Новообращенный Даниил пожал плечами. Он сам был в больших сомнениях – видел, что не больно-то по сценарию развивается замысел трех архангелов: взять не просто профессионалов, способных разобраться в странном деле, а людей темпераментных и способных на сильные чувства. В конце концов, и Нартов, и Марчук, и Валевский, и совсем еще молоденький Гошка, и ребята из других бригад были просто менты, следаки, рабочие лошадки, серые солдатики, во многом ограниченные, верящие в силу наработанных приемов; архангелы же могли мобилизовать немалый интеллектуальный потенциал и прийти к тому же результату без лишней суеты. Взяли тех, кто сам столкнулся с невозможностью дотянуться до убийцы и подлеца и пришел в ярость; людей, способных в порыве ярости пожертвовать собой, призвали для этого дела…

Но они, соглашаясь с тем, что любовь в какой-то мере служит оправданием любого деяния, еще не поняли закона любви – и не лекции же им было читать, они, сами того не сознавая, еще боялись жить по закону любви, хотя теперь уже вроде нечего было бояться…

Но их никто не торопил. А время между тем поджимало. И все это видели.

– И все-таки?

– А ты – как ты смотришь на это дело?

– Мне легче, я – женщина.

Он понял, что я имела в виду.

Женщинам чаще приходится приспосабливаться – к другим мужчинам, к другим модам, к другим требованиям. Нартов и Марчук уж если что-то одно с детства задолбили (может быть, и впрямь – с детства?) – так этого из них уже не выбьешь. Решительное неприятие Нартовым психологических вывертов демона было совершенно некстати – ведь не приблатненный же кретин сидит перед ним по ту сторону стола и врет напропалую со слезой в голосе!

То, что Нартов, так неосмотрительно выбранный Намтаром в собеседники, никак не мог приспособиться, стало нашим общим горем.

– Да, – произнес Даниил. – Нам бы раньше встретиться.

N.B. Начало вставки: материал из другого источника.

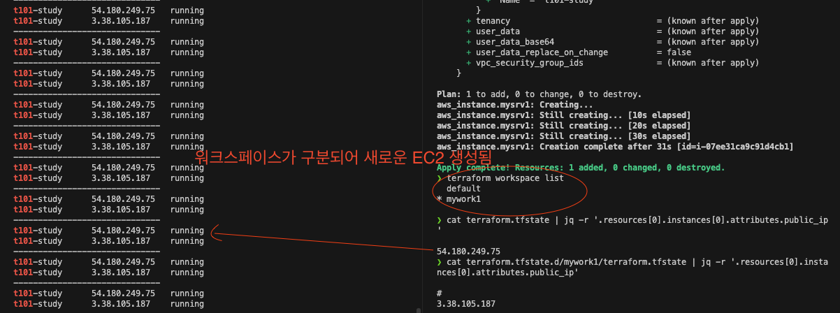 이를 통해 워크스페이스를 생성하여 리소스를 관리하면 state가 워크스페이스별로 격리되기 때문에 격리되어 리소스가 생성되는 것을 확인할 수 있었습니다.

Вот этого еще недоставало, подумала я, вроде бы у Теофиля Готье было стихотворение «Загробное кокетство»… И тут же другая мысль меня ошарашила: никто же не говорил и не давал понять, что Даниил – тоже призван навеки из земного бытия! А что, если он – вроде меня, сам увязался?..

Очевидно, интерес в моих глазах был очень уж заметным – он улыбнулся. Уголки рта поднялись – получилась классическая улыбка фавна, нежно-лукавая и соблазнительная. Странным образом она повторяла линию Даниилова лба – сверху, где начинали расти волосы, шла такая же ровная дуга и два острых мыска врезались в темную, с проседью, шевелюру.

В отличие от Нартова, Даниил был высок, тонок, узкогруд, но, глядя на широкие сухие плечи, хороший тренер уже представил бы себе, как на правильные и длинные Данииловы кости нарастить красивые мышцы.

– Ничего бы не вышло, – быстро ответила я. – Мы бы столкнулись, искры бы полетели, и все.

Не люблю, когда во мне сразу и откровенно видят хорошенькую самочку.

Сперва, в юности, меня это смущало – я знала, что мне на такую бурную страсть нечем ответить. Потом было время, когда откровенное мужское внимание казалось мне отвратительным. Тогда я и перешла на спортивный стиль одежды: пусть лучше за феминистку принимают!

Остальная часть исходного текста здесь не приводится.